Nowadays, the majority of world population live in cities with urbanization moving in faster rates, including in the least urbanized regions of our universe. Population number in cities continuously increases in big chunks primarily due to urbanization and natural population growth. According to official projections, world’s urban population is expected to surpass six billion by 2050, a ratio that substantially undermines the rural population by the time.
Where as cities are places where large number of people commonly live in a relatively more condensed geographical area, the general condition of the environment is always in jeopardy. Moreover, urbanized habitats are hubs of government, commerce, transportation, industries and many more which proves the issue for the need of healthy cities more pressing.
Ethiopia used to be known as under-urbanized, even by African standards until very recently. Things look very different these days. Anyone who frequents Addis and other cities once in a while witnesses the completion of certain skyscrapers and the commencement of scaffolding for a new one beside it. This trend has continued for more than a decade now and is ensuring a swift urban development in the capital as well as in smaller cities which keeps the cities in state of expansion.

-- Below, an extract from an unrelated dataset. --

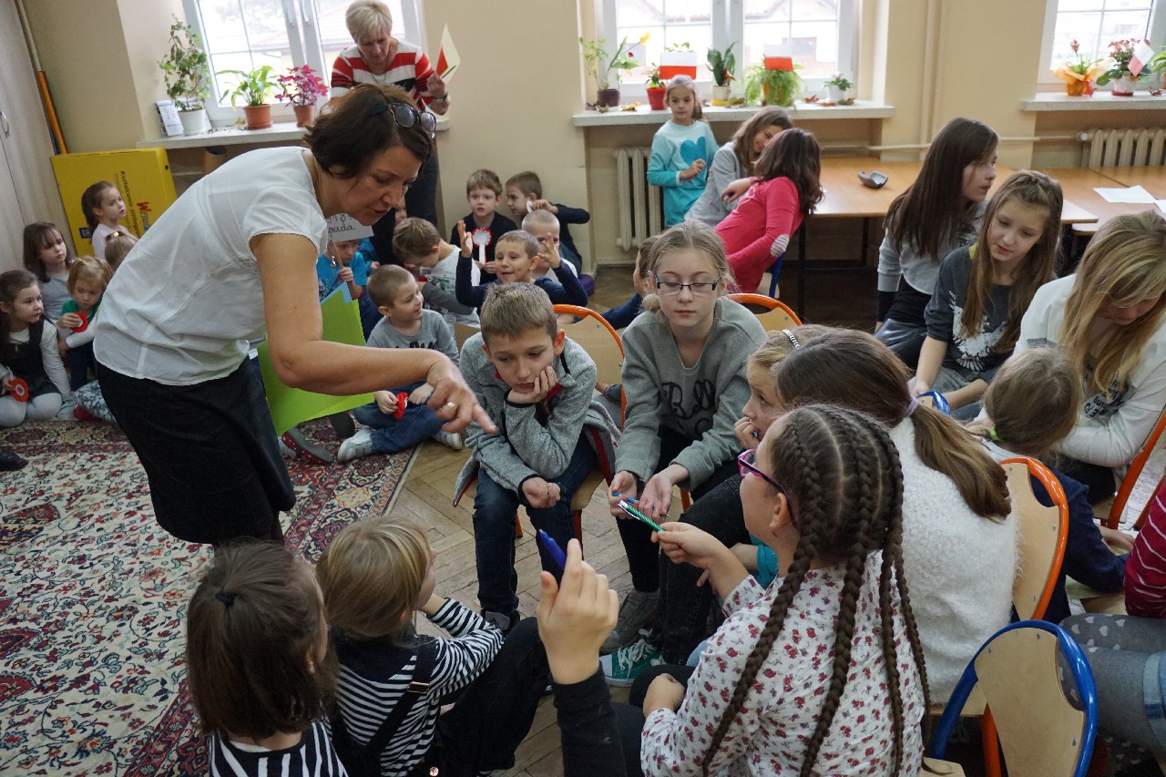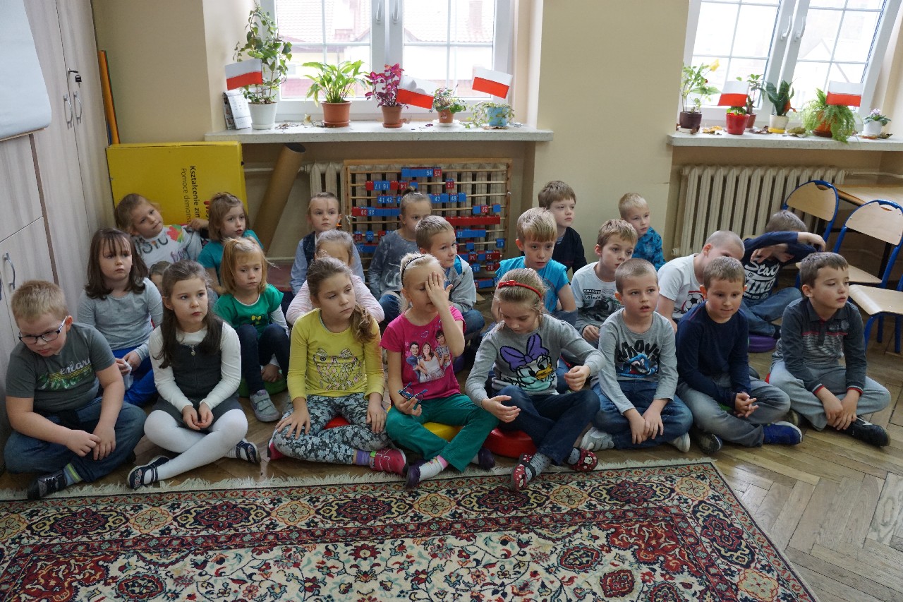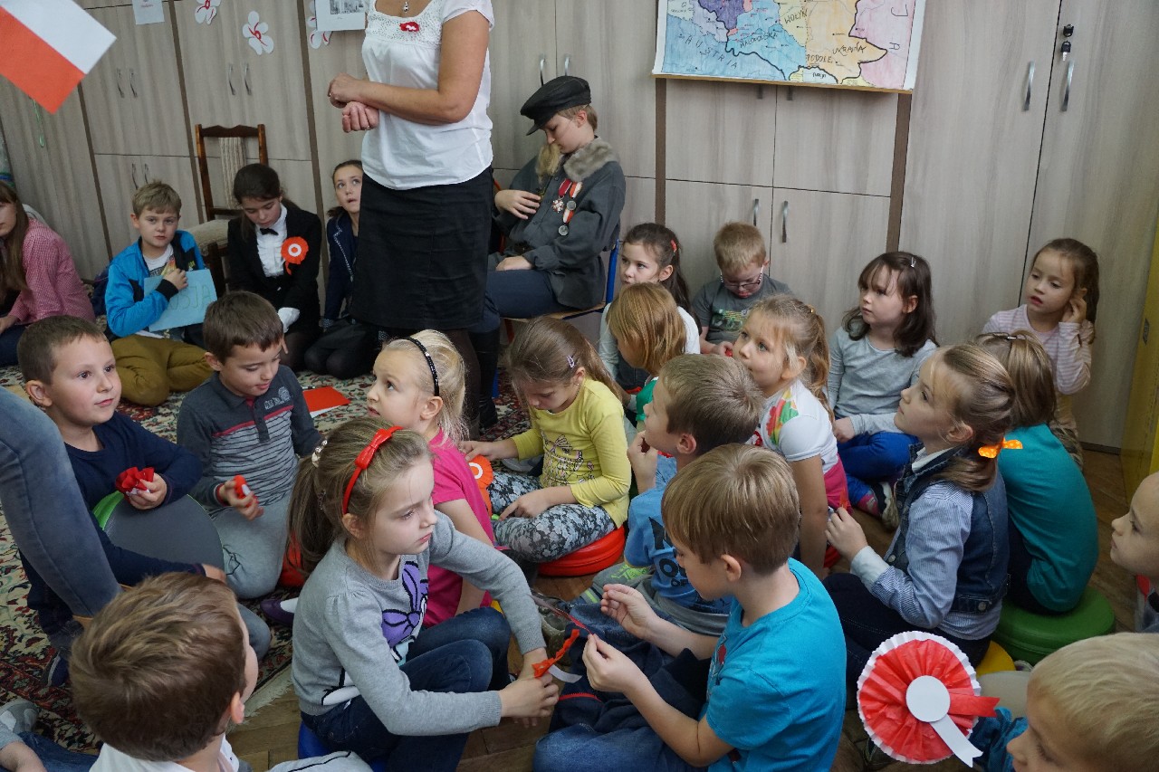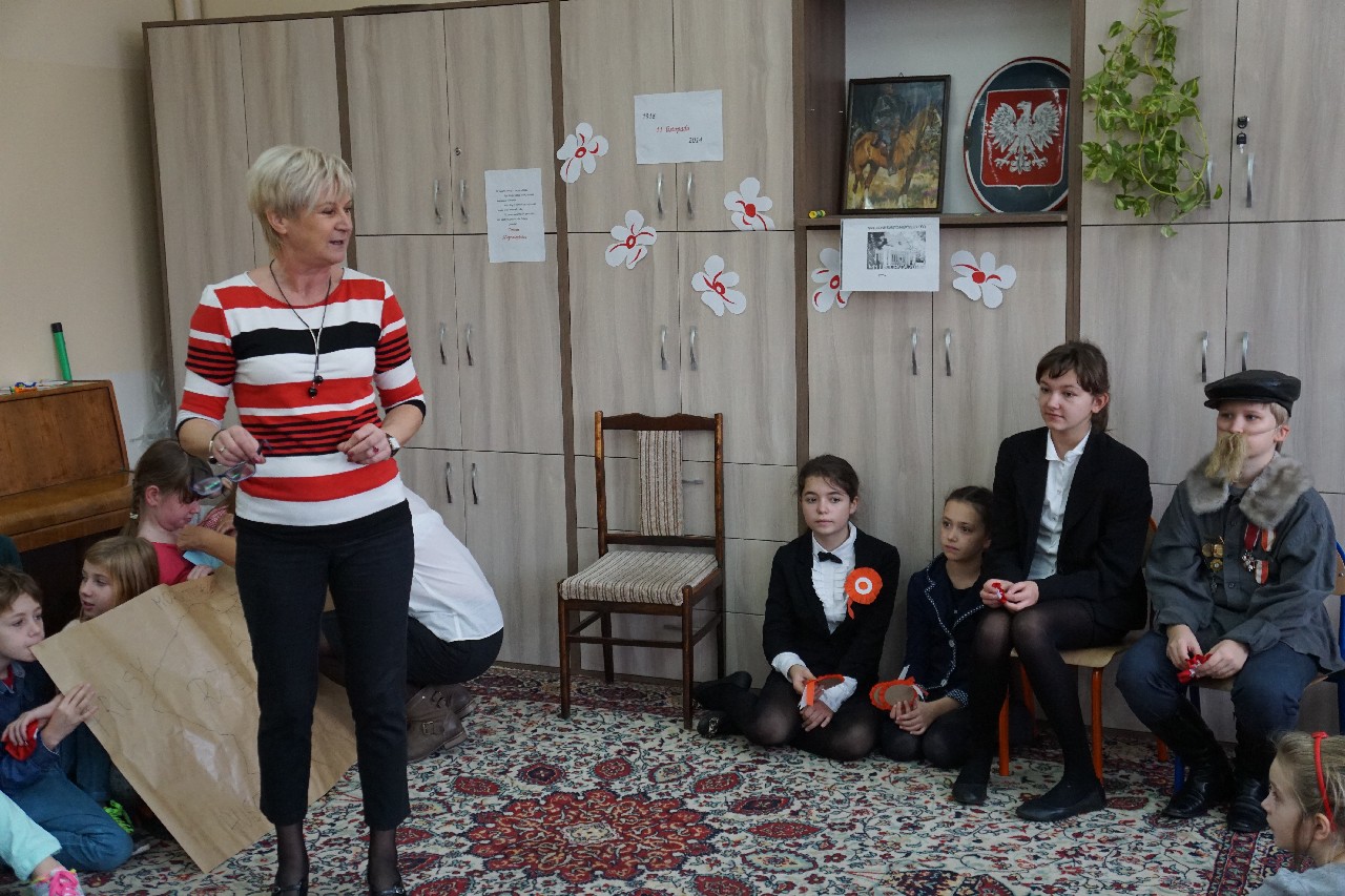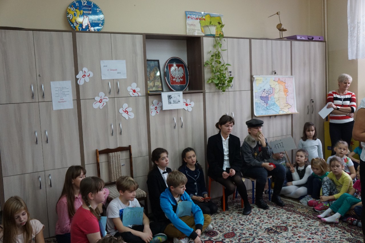 Dnia 12 listopada 2014 roku klasa 4d i 5e razem z panią Bożeną Mielczarek odwiedziły pierwszaków z klasy 1e, których opiekunem jest pani Elżbieta Frasunkiewicz. Celem spotkania było zapoznanie pierwszoklasistów ze znaczeniem Narodowego Święta Niepodległości, które obchodzimy 11 listopada. W wspólnych zajęciach uczestniczyły również pani wicedyrektor Krystyna Morek, pani Elżbieta Nowak i rodzice.

With more than 80 per cent of Nation’s population still living in the countryside, the development of road networks, market accessibility and the need for better social services is contributing to the flow of large crowds to cities day in and day out. In the meantime, it is fundamental to make sure that cities are attractive places in which to work and live, through securing safe and healthy environment.
Addis Ababa, the capital city is the country’s political and economic centre, home to head offices of African Union and United Nations Economic Commission for Africa. It also accommodates many international aid and development organizations in addition to more than 100 embassies. The city’s population is estimated to be 3.6 million and counting. The economic development witnessed in the country coupled with investment inflows and conference tourism signals to act towards properly managing the city.
However, Addis is among the worst in traffic accident related deaths, according to reports. For instance the World Health Organization recently reported that traffic accidents in Ethiopia account for the deaths of 37.28 persons per 100,000 of which the majority occurs in the capital. This is 2.77 per cent of the total deaths in the country, placing the country 12th in the world.
It is well acknowledged that city systems have to be well-equipped in infrastructure, employment, social services, investments and the like to provide for growing populations, so that new residents can propel higher productivity and faster national growth. In parallel cities need to ensure safety to its residents.
In support of the Nation’s efforts in upgrading the state of Addis Ababa to a more decently habitable metropolis, the city has joined WHO Healthy Cities project to intensify efforts towards reducing non-communicable diseases (NCDs) and injuries by 2018.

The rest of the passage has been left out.